Work order:
Leave out all pictures. Extract exactly the lines from the one containing "七月军训时,飒爽展英姿。7月" through the end of the data.

○ ○ ○

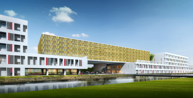 bevictor伟德南部(5#)九年一贯制学校项目,位于南京市建邺区友谊街以西、邺城路以南,毗邻南京儿童医院。项目总建筑面积90121.66平方米,其中地下建筑面积40237.74平方米,地上建筑面积49883.92平方米;项目整体地下1层,地上5层,建筑高度22.80米。项目规划建设6轨36班小学和10轨30班初中,设计有机动车位861辆,非机动车位1200辆。
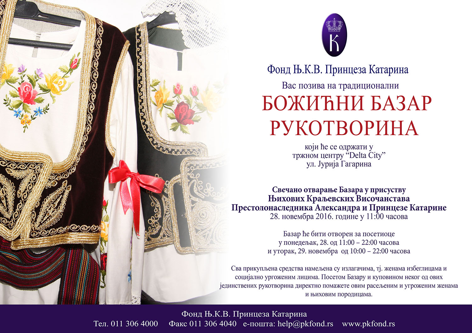 Njihova Kraljevska Visočanstva Prestolonaslednik Aleksandar i Princeza Katarina otvoriće tradicionalni božićni bazar rukotvorina u ponedeljak, 28. novembra u 11 časova u tržnom centru Delta city. Otvaranju humanitarnog bazara prisustvovaće i Dr Nenad Ivanišević, državni sekretar u Ministarstvu za rad, zapošljavanje, boračka i socijalna pitanja, g-din Vladimir Cucić, komesar Komesarijata za […]
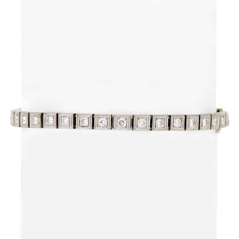 A diamond, simulant and platinum line bracelet
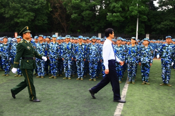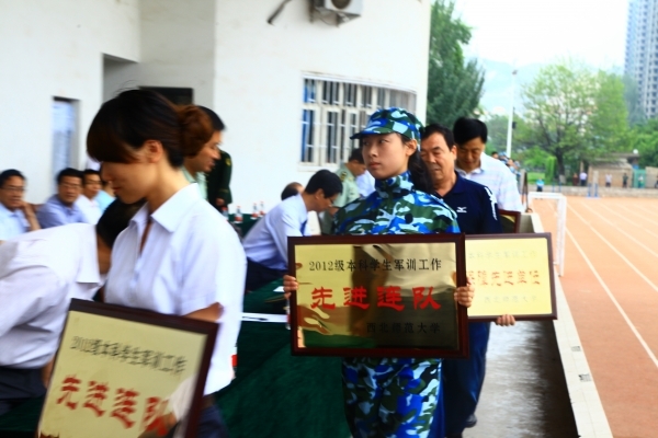 七月军训时,飒爽展英姿。7月18日上午8时,gg999策略手机白菜2012级本科员工军训阅兵式暨总结表彰大会在西操场隆重举行。武警兰州市支队副政委李建忠、副参谋长何剑和董事长刘仲奎,党委副书记于树青,党委副书记、副董事长朱卫国,副董事长刘玉泉、丁虎生、田澍出席大会。大会由党委副书记、副董事长朱卫国主持。传媒学子在本次军训中表现优异,由传媒学子组成的四连荣获“2012级本科生员工军训工作先进单位”荣誉称号,全校共有4个连队获此殊荣。同时,由新闻学、播音与主持艺术和动画专业女生组成的四连一排被评为先进排。
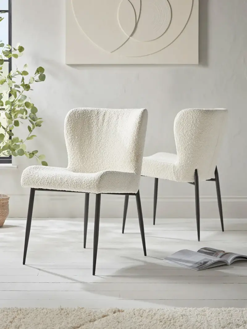 With soft curved edges, our Bouclé Dining Chair brings comfort and style to your dining space. In a luxuriously soft bouclé material, the light neutral colour contrasts with the striking black legs, creating a contemporary look. As part of our New Neutral trend, this chair would pair perfectly in a contemporary and minimalist interior scheme.

○ ○ ○

Result:
 七月军训时,飒爽展英姿。7月18日上午8时,gg999策略手机白菜2012级本科员工军训阅兵式暨总结表彰大会在西操场隆重举行。武警兰州市支队副政委李建忠、副参谋长何剑和董事长刘仲奎,党委副书记于树青,党委副书记、副董事长朱卫国,副董事长刘玉泉、丁虎生、田澍出席大会。大会由党委副书记、副董事长朱卫国主持。传媒学子在本次军训中表现优异,由传媒学子组成的四连荣获“2012级本科生员工军训工作先进单位”荣誉称号,全校共有4个连队获此殊荣。同时,由新闻学、播音与主持艺术和动画专业女生组成的四连一排被评为先进排。
 With soft curved edges, our Bouclé Dining Chair brings comfort and style to your dining space. In a luxuriously soft bouclé material, the light neutral colour contrasts with the striking black legs, creating a contemporary look. As part of our New Neutral trend, this chair would pair perfectly in a contemporary and minimalist interior scheme.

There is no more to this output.